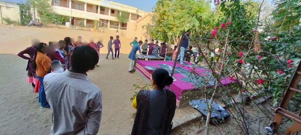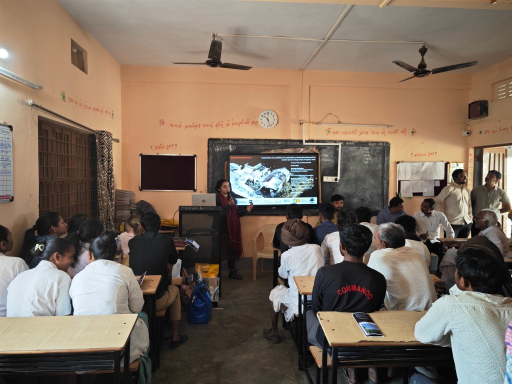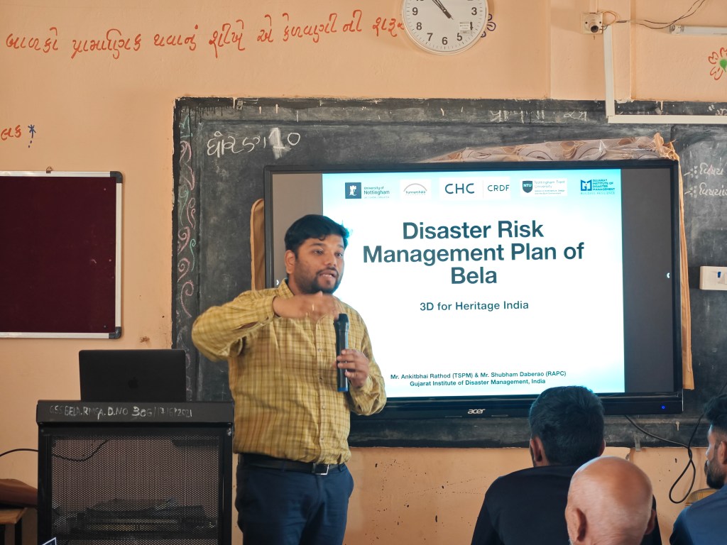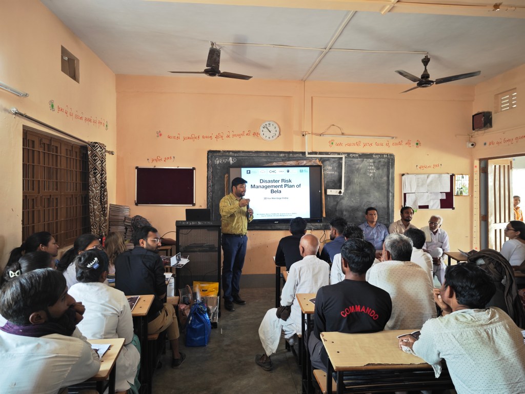 The final part of the activities was led by Shubham Daberao, from the Gujarat Institute of Disaster Risk Management (GIDM), who presented the Disaster Risk Management Plan for Bela that was developed in this last stage of the project. Local authorities, such as the Talati, Medical Staff from the Primary Health Centre, Anganwadi Workers, local officials from Bela Gram Panchayat and teachers from Shree High Secondary School, were also present.
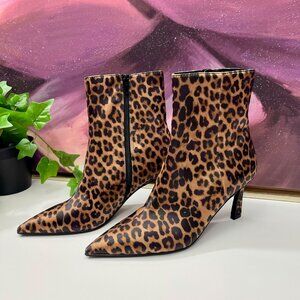 Steve Madden Leena Leopard Print Pointed Toe Stiletto Ankle Boots Size 6.5
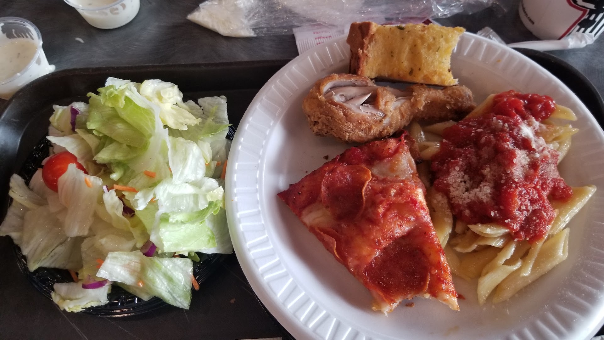 The food? Perfect. Everything we ordered was hot, fresh, and full of flavor. The pizza was delicious, and the salad was honestly one of the best I’ve had at any place like this—crisp, fresh, and well-stocked with toppings. You can tell they care about quality here, not just cutting corners.
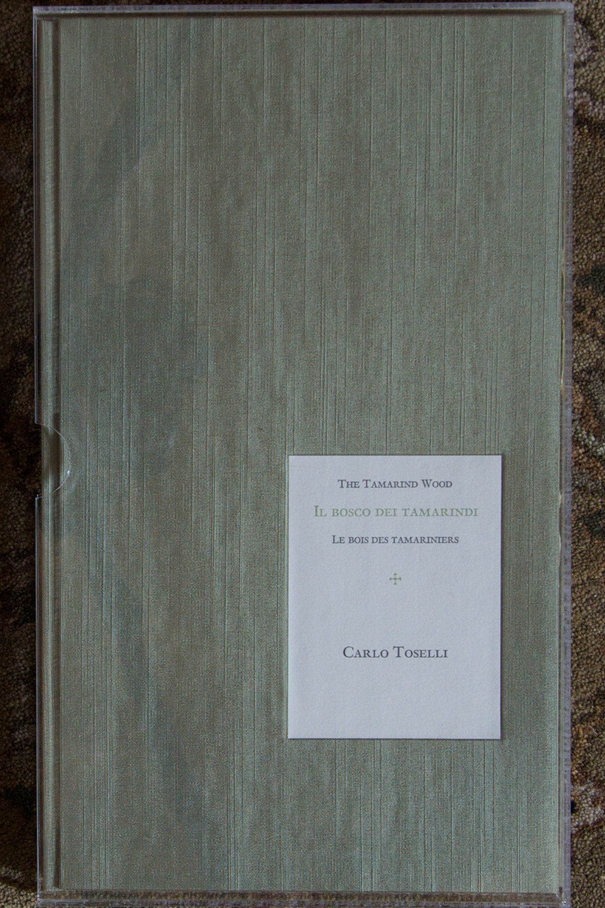 to show me the amazing Il Bosco de Tamarindi by Carlo Toselli they did for Le Grazie This book must have been a challenge for him to design as is a tri-lingual edition with each poem printed in Italian, with the French and English translation on the facing pages. It is also strikingly encased in a plexiglas(?) slipcase, a treatment I haven’t run across before.
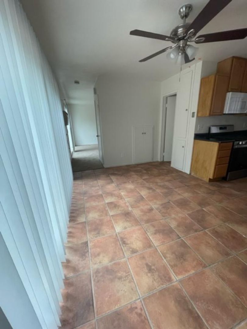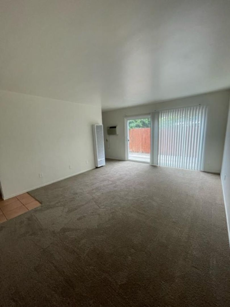 This apartment has new carpet, blinds, sliding glass doors in both living room and dinging room, vanity in 1/2 bath, garbage disposal, appliances and new paint. The kitchen comes with a gas stove, refrigerator, dishwasher, garbage disposal, and microwave. Small dining area just off kitchen. There is carpet and tile flooring, every room has a wall or window ac, there is wall heating. 2-sliding glass doors one off living room and one off dining room both open to the patio area. Complex has coin laundry and gardening service for common areas.
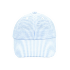 • Blue/white seersucker tuck strap with adjustable slide closure
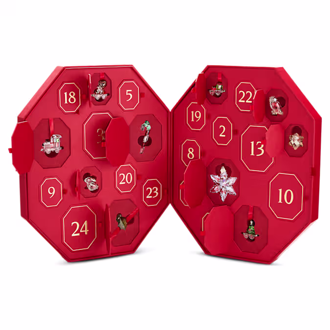 Decked out in festive red packaging and tied with a cute bow, this limited-edition calendar for 2024 is packed with surprises behind each of its 25 doors. This year, you’ll embark on a snowy adventure with Swarovski’s holiday train.
:::::
**WHAT YOU WILL DO:** Please make an exact copy of the whole listing and leave out its pictures.

**RESPONSE AREA:**
 The final part of the activities was led by Shubham Daberao, from the Gujarat Institute of Disaster Risk Management (GIDM), who presented the Disaster Risk Management Plan for Bela that was developed in this last stage of the project. Local authorities, such as the Talati, Medical Staff from the Primary Health Centre, Anganwadi Workers, local officials from Bela Gram Panchayat and teachers from Shree High Secondary School, were also present.
 Steve Madden Leena Leopard Print Pointed Toe Stiletto Ankle Boots Size 6.5
 The food? Perfect. Everything we ordered was hot, fresh, and full of flavor. The pizza was delicious, and the salad was honestly one of the best I’ve had at any place like this—crisp, fresh, and well-stocked with toppings. You can tell they care about quality here, not just cutting corners.
 to show me the amazing Il Bosco de Tamarindi by Carlo Toselli they did for Le Grazie This book must have been a challenge for him to design as is a tri-lingual edition with each poem printed in Italian, with the French and English translation on the facing pages. It is also strikingly encased in a plexiglas(?) slipcase, a treatment I haven’t run across before.
 This apartment has new carpet, blinds, sliding glass doors in both living room and dinging room, vanity in 1/2 bath, garbage disposal, appliances and new paint. The kitchen comes with a gas stove, refrigerator, dishwasher, garbage disposal, and microwave. Small dining area just off kitchen. There is carpet and tile flooring, every room has a wall or window ac, there is wall heating. 2-sliding glass doors one off living room and one off dining room both open to the patio area. Complex has coin laundry and gardening service for common areas.
 • Blue/white seersucker tuck strap with adjustable slide closure
 Decked out in festive red packaging and tied with a cute bow, this limited-edition calendar for 2024 is packed with surprises behind each of its 25 doors. This year, you’ll embark on a snowy adventure with Swarovski’s holiday train.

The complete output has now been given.